Audience: Subject Matter Experts. This guide focuses only on what you need to do: upload, annotate, and view the raw data in the staging database. Everything else is pre‑wired so you don’t need to worry about infrastructure.

SME Quickstart

  • Open Label Studio: https://label.boathou.se (Cloudflare Access)
  • Open project “NER_Data” (or your team project)
  • Verify labeling interface has one block: <Labels name="label" toName="text" ...>
  • Click a task → confirm pre‑labels appear inline
  • Adjust spans and labels; Save/Submit
  • Optional: open DBeaver to browse stage.* views (read‑only)

Draw Boxes on PDFs

  • Open a PDF task and use "PDF Page (Boxes)" to draw rectangles.
  • Labels available: TABLE, FIGURE, SECTION, SIGNATURE, STAMP (ask if you need more).
  • Your boxes are stored in the database and converted to PDF‑point coordinates for model training.
  • Quick checks:
    • SELECT * FROM stage.v_pdf_boxes_latest ORDER BY created_at DESC LIMIT 50;

Need a new project or a custom label set?
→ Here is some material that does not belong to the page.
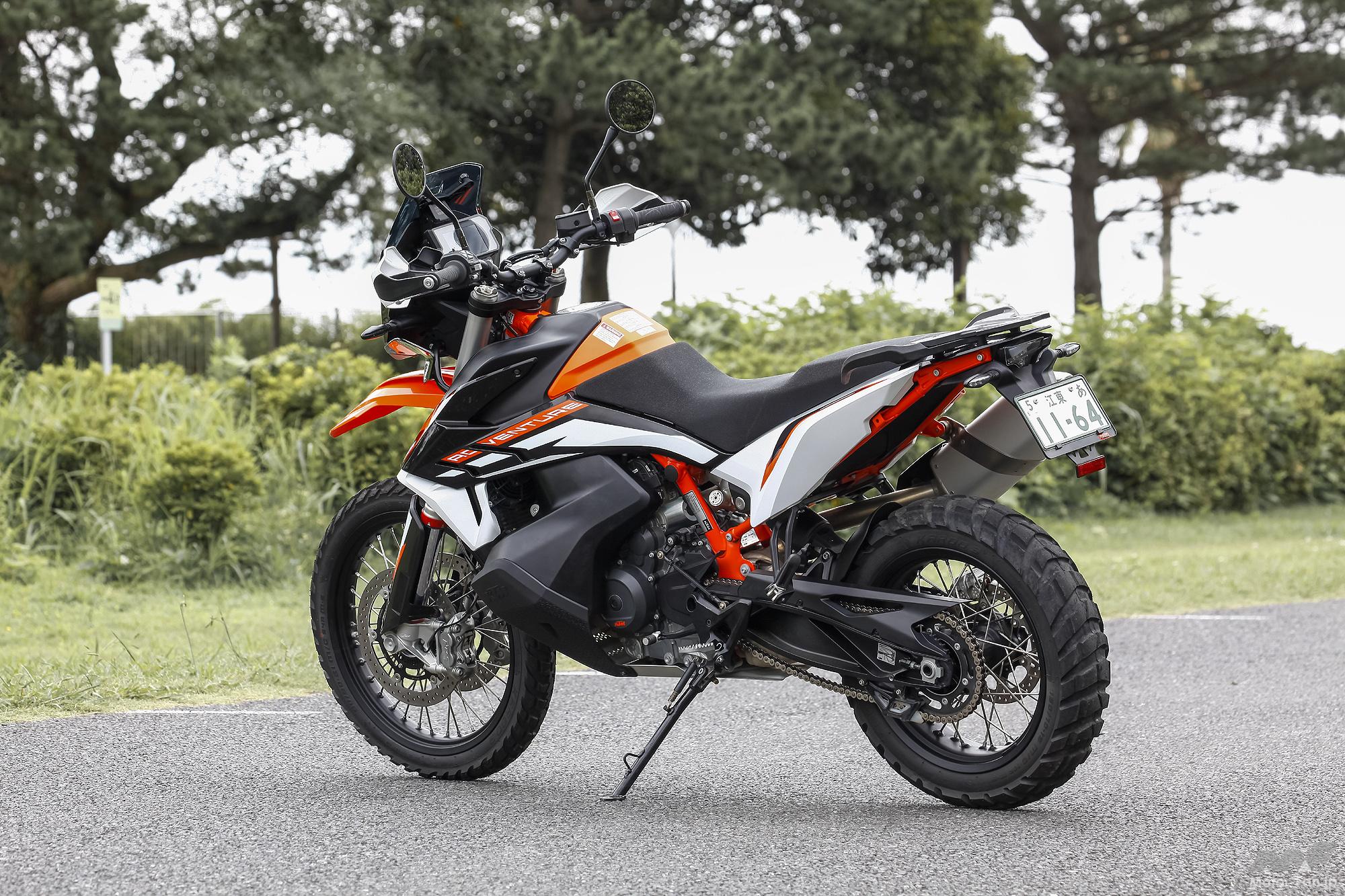その足の長さ故、ロードクリアランスやシート高は高くなっており、本格的なホフロード走行でより高いパフォーマンスを発揮できる仕様となっている。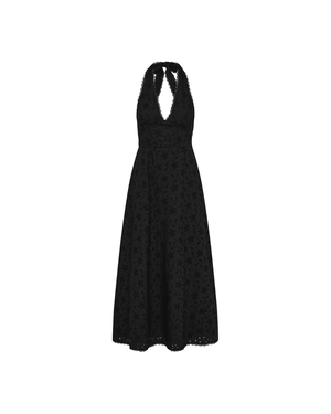 The Salma Dress is crafted from embroidered cotton with delicate lace trim detailing. It features a halter neck tie, shirred back bodice, and a soft, flowing midi-length skirt. Lined with a zip entry.

See Project Setup for SMEs: project-setup.mdx

What You’ll Do

  • Upload data to Label Studio (text, PDFs, CSV/XLSX, images with text).
  • Review pre‑labels, correct, and save.
  • Optionally, open DBeaver to view your raw data in the staging database (CrunchyBridge PostgreSQL).

Uploading and Annotating

  • Open Label Studio at your team URL (Cloudflare Access protected), e.g., https://label.<your-domain>.
  • Create or open a project.
  • Import your data:
    • Text: a paragraph or sentence per task.
    • PDFs: either upload the file or provide an HTTPS URL.
    • CSV/XLSX: upload directly. If possible, include a text column summarizing the most relevant info per row. Keeping a pdf or url column helps fetch source docs for context.
  • Open a task to see pre‑labels. Adjust spans and labels; Save/Submit.

Tips for high‑quality annotations:

  • Choose the most specific label (e.g., IMO vs. generic VESSEL).
  • Keep spans tight (no extra whitespace).
  • For CSV/XLSX, if your sheet has multiple useful fields, add a temporary text column in Excel/Sheets that concatenates them (no scripts needed).

SME Checklist (keep handy)

  • You see pre‑labels when opening a task
  • The Labels control name is label mapped to text
  • You’re not annotating HTML (HTML Labels are optional and can be read‑only)
  • Saved work appears in read‑only staging views (stage.*)

Where Your Work Goes (Tables you’ll use)

Your saved work is captured in the staging schema. The key tables and views you’ll browse are:

  • stage.documents — the task text + metadata; one row per task.
  • stage.extractions — span-level NER results from text/PDF tasks.
  • stage.csv_extractions — cell-level raw→cleaned values for CSV/XLSX rows.
  • stage.training_corpus — human corrections used to improve models.
  • stage.v_review_queue — extractions flagged for human review.
  • stage.v_document_processing_stats — per-document processing overview.

SME Cheat Sheet

  • Mental model: Upload → pre‑labels → correct → rows land in stage.* views for QA.
  • Don’t worry about: GPUs, networking, credentials, or non‑stage schemas.
  • Quick checks: stage.v_review_queue for work needing eyes; stage.v_document_processing_stats for status.
  • Label Studio speed: use hotkeys, keep spans tight, prefer specific labels (e.g., IMO).
  • CSV/XLSX: add a simple text column in Excel/Sheets for better pre‑labels; keep pdf/url columns when available.
  • DBeaver: use the pre‑made “Staging (RO)” and save filters for your frequently used views.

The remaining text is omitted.